De Gregori a teatro coltiva la scelta dei concerti intimi

Giovedì 4 giugno, in prima serata su Rai 3, va in onda Francesco De Gregori. Nevergreen. Il documentario diretto da Stefano Pistolini racconta il tour Nevergreen (Perfette sconosciute) tenutosi al Teatro Out Off di Milano. Il film è stato presentato in anteprima fuori concorso all’82ª Mostra del cinema di Venezia e distribuito nelle sale italiane dall’11 al 17 settembre 2025 da Nexo Studio. Il cantautore romano torna dal vivo in autunno per una serie di concerti con le sue canzoni meno note. “Quello che vado cercando – racconta De Gregori – è un rapporto intimo con gli spettatori, e questo si crea con una vicinanza fisica che mette la musica, il cantante, la band, alla portata degli spettatori”. Ma c’è anche un altro motivo dietro la scelta di questi live intimi: “Questo tour è un controcanto alla corsa ai numeri. Sold out è una parola che mi dà fastidio. C’è tanta gente che fa musica in Italia e non riesce a riempire un teatro. Questa musica che viene dal basso va promossa e incoraggiata. Io ho iniziato la mia carriera in un piccolissimo locale. Se non ci fosse stato non sarei qui”.

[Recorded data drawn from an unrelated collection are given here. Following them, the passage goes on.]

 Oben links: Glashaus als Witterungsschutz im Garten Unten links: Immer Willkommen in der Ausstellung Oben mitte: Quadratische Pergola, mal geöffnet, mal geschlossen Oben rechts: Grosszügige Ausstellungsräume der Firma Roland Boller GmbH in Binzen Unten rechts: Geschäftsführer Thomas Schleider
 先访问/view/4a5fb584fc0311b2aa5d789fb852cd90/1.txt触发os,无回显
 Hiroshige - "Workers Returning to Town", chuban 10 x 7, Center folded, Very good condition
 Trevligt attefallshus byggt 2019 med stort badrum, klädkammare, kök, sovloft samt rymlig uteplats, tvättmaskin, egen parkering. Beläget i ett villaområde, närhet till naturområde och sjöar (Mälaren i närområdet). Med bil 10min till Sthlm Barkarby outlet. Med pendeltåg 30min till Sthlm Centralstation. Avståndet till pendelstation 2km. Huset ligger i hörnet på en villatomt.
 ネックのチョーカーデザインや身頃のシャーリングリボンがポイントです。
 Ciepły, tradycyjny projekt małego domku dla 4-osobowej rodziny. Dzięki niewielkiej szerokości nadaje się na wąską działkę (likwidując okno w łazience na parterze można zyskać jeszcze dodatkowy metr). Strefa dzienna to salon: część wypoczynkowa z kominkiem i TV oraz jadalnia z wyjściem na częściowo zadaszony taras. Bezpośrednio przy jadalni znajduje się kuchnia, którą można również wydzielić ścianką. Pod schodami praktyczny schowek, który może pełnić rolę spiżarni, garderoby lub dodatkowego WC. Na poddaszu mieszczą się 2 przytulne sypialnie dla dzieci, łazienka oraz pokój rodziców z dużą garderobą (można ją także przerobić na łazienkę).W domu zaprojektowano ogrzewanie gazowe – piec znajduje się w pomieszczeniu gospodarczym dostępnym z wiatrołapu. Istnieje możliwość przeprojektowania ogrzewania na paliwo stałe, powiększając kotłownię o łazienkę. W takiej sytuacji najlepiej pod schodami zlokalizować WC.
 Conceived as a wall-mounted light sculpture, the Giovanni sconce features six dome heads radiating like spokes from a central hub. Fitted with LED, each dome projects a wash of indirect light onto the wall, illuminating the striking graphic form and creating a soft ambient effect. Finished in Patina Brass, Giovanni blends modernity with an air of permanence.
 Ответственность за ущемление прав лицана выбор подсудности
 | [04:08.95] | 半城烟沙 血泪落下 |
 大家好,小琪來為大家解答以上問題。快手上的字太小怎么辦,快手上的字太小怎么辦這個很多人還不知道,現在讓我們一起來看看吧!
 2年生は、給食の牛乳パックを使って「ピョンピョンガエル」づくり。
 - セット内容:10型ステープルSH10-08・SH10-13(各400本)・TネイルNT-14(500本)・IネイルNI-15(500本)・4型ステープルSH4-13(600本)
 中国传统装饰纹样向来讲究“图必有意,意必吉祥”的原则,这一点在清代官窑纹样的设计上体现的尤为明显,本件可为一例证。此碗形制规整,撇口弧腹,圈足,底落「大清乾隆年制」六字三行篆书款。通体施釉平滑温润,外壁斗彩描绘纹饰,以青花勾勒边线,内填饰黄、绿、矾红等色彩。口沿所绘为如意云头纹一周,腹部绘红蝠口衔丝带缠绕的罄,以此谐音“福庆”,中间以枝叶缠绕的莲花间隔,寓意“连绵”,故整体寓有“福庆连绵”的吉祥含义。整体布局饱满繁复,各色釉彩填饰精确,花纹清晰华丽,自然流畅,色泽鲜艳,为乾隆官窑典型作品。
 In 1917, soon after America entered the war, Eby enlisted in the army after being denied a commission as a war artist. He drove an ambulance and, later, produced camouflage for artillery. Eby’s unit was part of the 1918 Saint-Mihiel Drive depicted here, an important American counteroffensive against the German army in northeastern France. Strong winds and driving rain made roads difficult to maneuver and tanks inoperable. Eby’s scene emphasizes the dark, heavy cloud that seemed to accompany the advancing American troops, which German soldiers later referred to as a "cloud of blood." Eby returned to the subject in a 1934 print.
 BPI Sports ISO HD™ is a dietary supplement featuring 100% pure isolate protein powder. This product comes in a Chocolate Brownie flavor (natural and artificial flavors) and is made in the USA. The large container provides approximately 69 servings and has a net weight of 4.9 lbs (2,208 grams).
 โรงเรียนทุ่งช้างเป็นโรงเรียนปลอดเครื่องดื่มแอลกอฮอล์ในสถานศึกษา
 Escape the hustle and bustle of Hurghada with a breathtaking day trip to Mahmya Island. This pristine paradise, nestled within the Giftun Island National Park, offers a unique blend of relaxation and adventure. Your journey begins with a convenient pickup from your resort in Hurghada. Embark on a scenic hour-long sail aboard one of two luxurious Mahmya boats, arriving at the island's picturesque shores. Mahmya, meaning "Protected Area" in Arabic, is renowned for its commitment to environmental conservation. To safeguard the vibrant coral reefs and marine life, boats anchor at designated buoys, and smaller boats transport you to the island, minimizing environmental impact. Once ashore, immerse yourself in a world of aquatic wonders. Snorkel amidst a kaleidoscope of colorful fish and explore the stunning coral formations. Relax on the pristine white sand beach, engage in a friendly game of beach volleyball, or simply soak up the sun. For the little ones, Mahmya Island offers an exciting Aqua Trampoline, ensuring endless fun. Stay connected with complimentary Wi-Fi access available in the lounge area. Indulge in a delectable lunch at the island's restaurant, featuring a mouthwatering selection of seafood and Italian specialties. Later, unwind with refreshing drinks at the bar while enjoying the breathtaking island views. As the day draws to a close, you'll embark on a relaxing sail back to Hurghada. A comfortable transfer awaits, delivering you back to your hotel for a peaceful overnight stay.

E del suo percorso rivendica ogni virgola: “Credo nel mestiere che ho fatto per come l’ho fatto, in maniera poco allineata con le regole del mainstream: non vado volentieri in televisione. Non sono mai andato a Sanremo, ma il mio mestiere mi consente una grande libertà di scelta che mi posso permettere”. Come quella di non andare al festival: “Avevo sedici anni, già sapevo che volevo scrivere canzoni e cantarle, mi piacevano i cantautori. Si uccise Luigi Tenco. Quella sera – rivela – giurai a me stesso che non sarei mai andato a Sanremo, a nessuna condizione”. Fare l’artista, per il Principe, significa anche non schierarsi: “Provo sempre un certo imbarazzo – ammette – quando un uomo di spettacolo vuole schierarsi in maniera così netta su questioni internazionali. C’è bisogno che Bruce Springsteen dica che è contro l’Amministrazione Trump? Non credo. È un ruolo che non mi sento di condividere. Non faccio proclami, non sono superiore a nessuno per dire quale posizione assumere su Gaza o Israele e anche io ho le idee confuse”.

Nonostante nelle sue canzoni, come Generale, abbia sempre cantato la barbarie della guerra, la situazione di oggi non gli offre spunti artistici: “Saranno circa dieci anni – confessa – che non sento ribollire l’ispirazione. Mi dispiace ma non ne faccio un dramma”. Per quanto riguarda il mondo, invece, non lo dirà dal palco, ma “chiaramente vivo con dolore tutto quello che sta succedendo: non l’ho previsto quando ho scritto canzoni come Generale, perché non c’era bisogno di prevederlo, bastava guardarsi intorno. Quelle canzoni nascono allora e valgono purtroppo anche per adesso”. Ma difficilmente il pubblico di Nevergreen le ascolterà, a meno che non siano “perfette sconosciute”, come spiega il titolo del tour: “Niente Donna cannone, niente Rimmel, niente Generale: il pubblico è avvertito e quindi – scherza – non potrà chiedere il rimborso”. Fedele solo a sé stesso, De Gregori, a 75 anni guarda a un futuro diverso da quello dei suoi colleghi e dei loro tour di addio infiniti: “Nel mio mestiere si smette o perché ti sei stufato tu o perché il pubblico si è stufato di te. Quando succederà una di queste due cose – conclude – non mi vedrete più, ma non farò un annuncio prima, semplicemente sparirò”.